0

I am trying to use regex to 'extract' paragraphs in a document. Each paragraph is preceded and followed by a '-' on separate line and each paragraph starts with a number.

For example

-
1. This is a paragraph
It may go over multiple lines
-

Ideally, I would like to not include the '-', but it doesn't really matter as I will be placing it in a string and running another regex against it (One that I know works)

The code I am trying to use is basically as follows

Dim matchPara as Object
Dim regex as Object
Dim theMatch as Object
Dim matches as Object
Dim fileName as String
Dim fileNo as Integer
Dim document as String

matchPara = "-?(\d.*?)?-"
Set regex = CreateObject("VBScript.RegExp")
regex.Pattern = matchPara
regex.Global = True
regex.Multiline = True

fileName = "C:\file.txt"
fileNo = FreeFile

Open fileName For Input As #fileNo
document = Input$(LOF(fileNo), fileNo)
set matches = regex.Execute(document)

For Each theMatch in matches
    MsgBox(theMatch.Value)
Next theMatch

Close #fileNo

I have tested this regex on regex101 and it appeared to do what I wanted. I have also tested it without the grouping

-?\d.*?-

However when I run the code the theMatch.Value only ever contains a single '-'. After some messing around with the regex I got it to display the first line of text but never any more than the first line.
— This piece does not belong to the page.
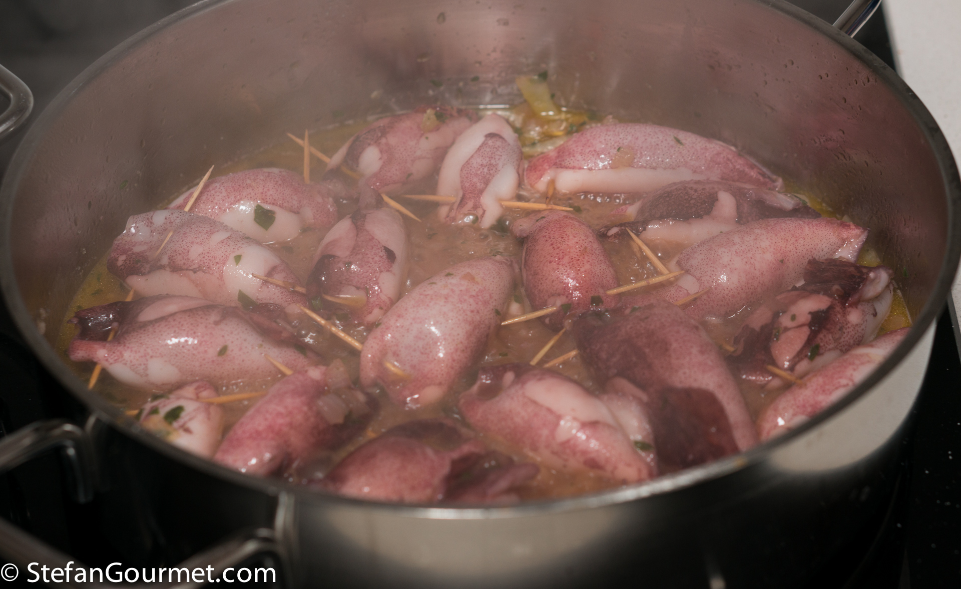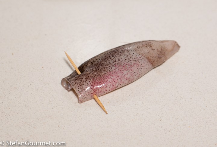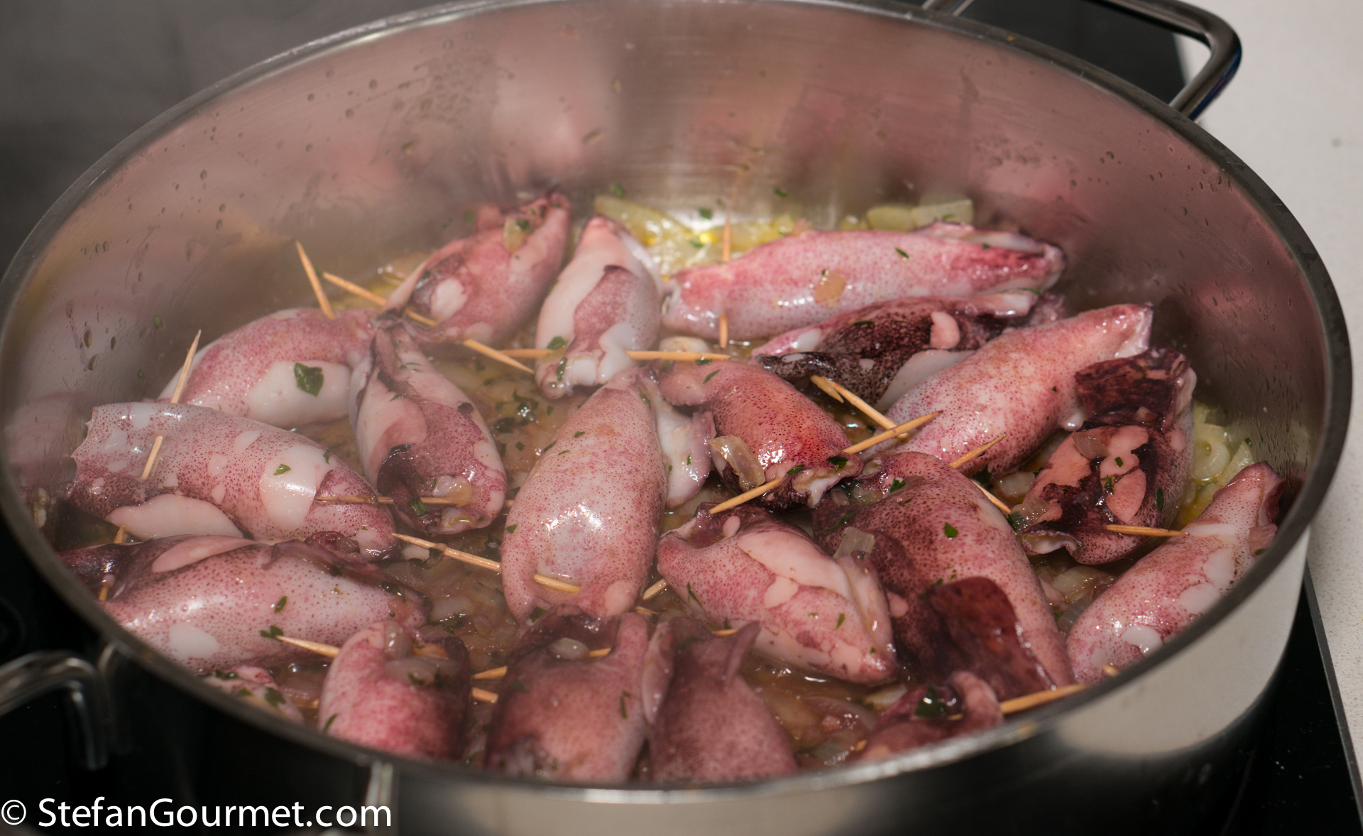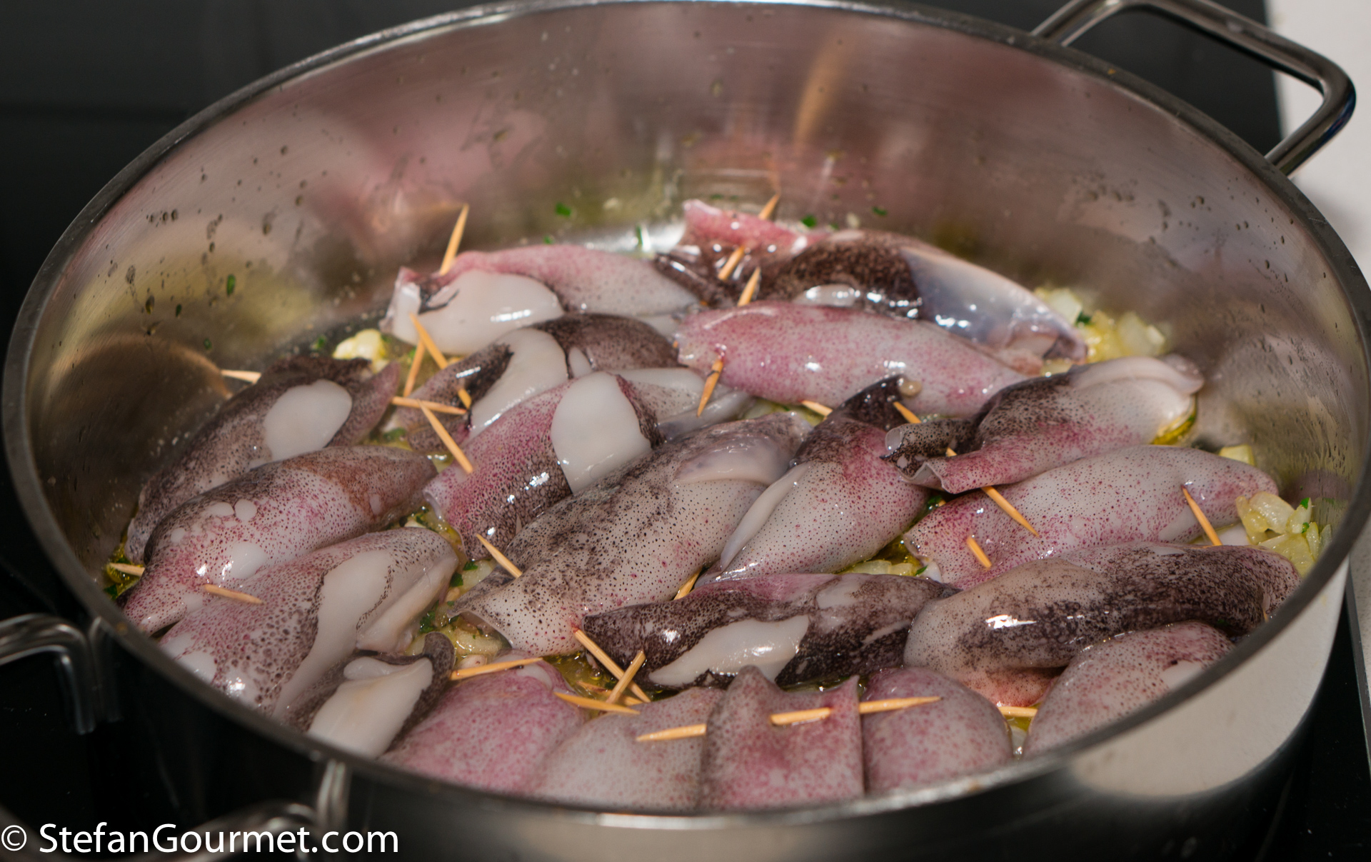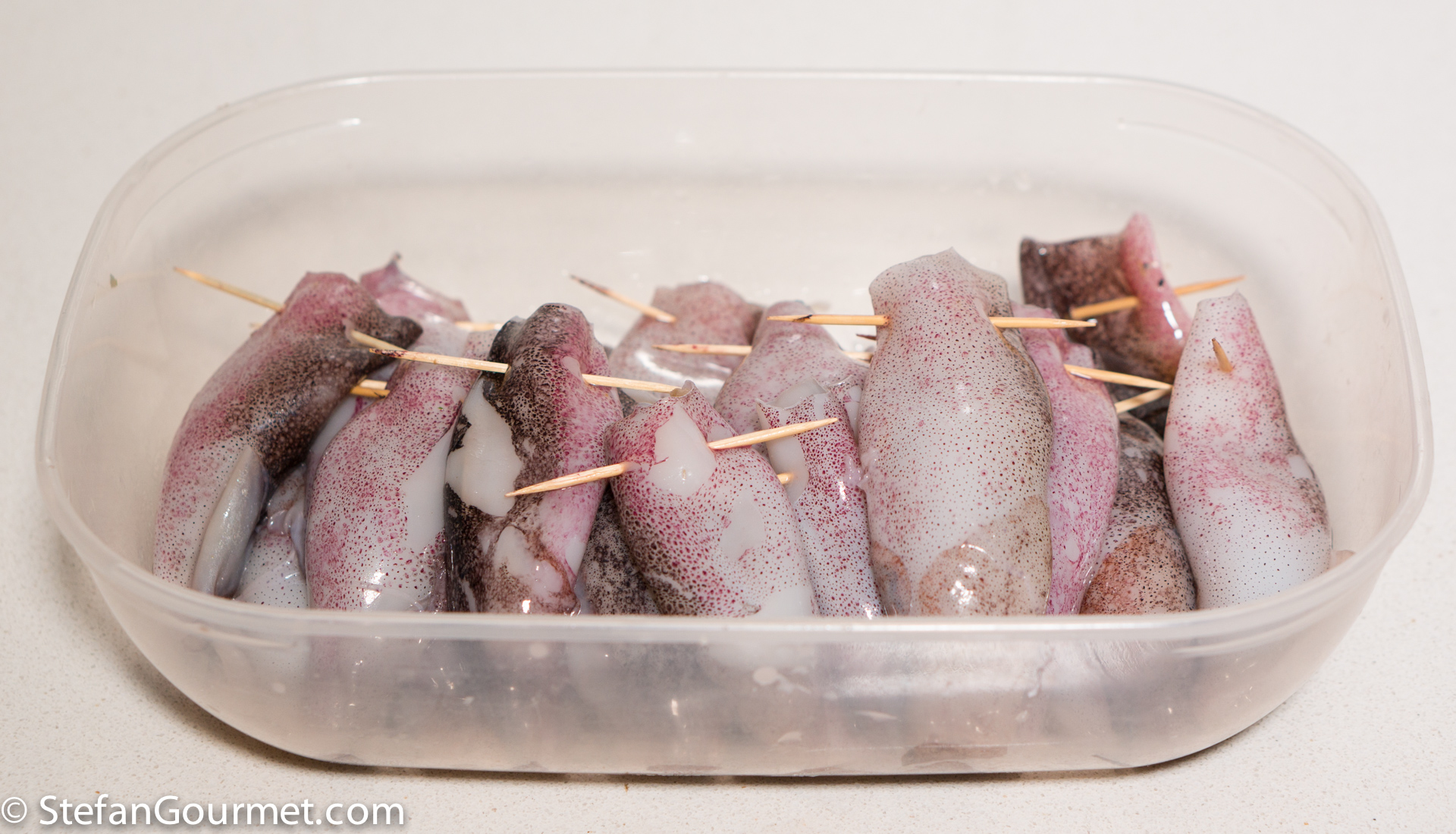 Keep going until you have stuffed all of them. You can prepare everything up to this point in advance and refrigerate the stuffed squid.

I have checked the length of theMatch.Value with:

MsgBox(len(theMatch.Value))

and placed the contents of theMatch.Value in a cell on the worksheet to see if It was cutting off in the message box, but both theories were proved wrong.

I am at a complete loss now and I am beginning to suspect it is possibly a VBA thing and not a regex thing. There is no requirement to use regex, I just assumed it would be the easiest thing to do.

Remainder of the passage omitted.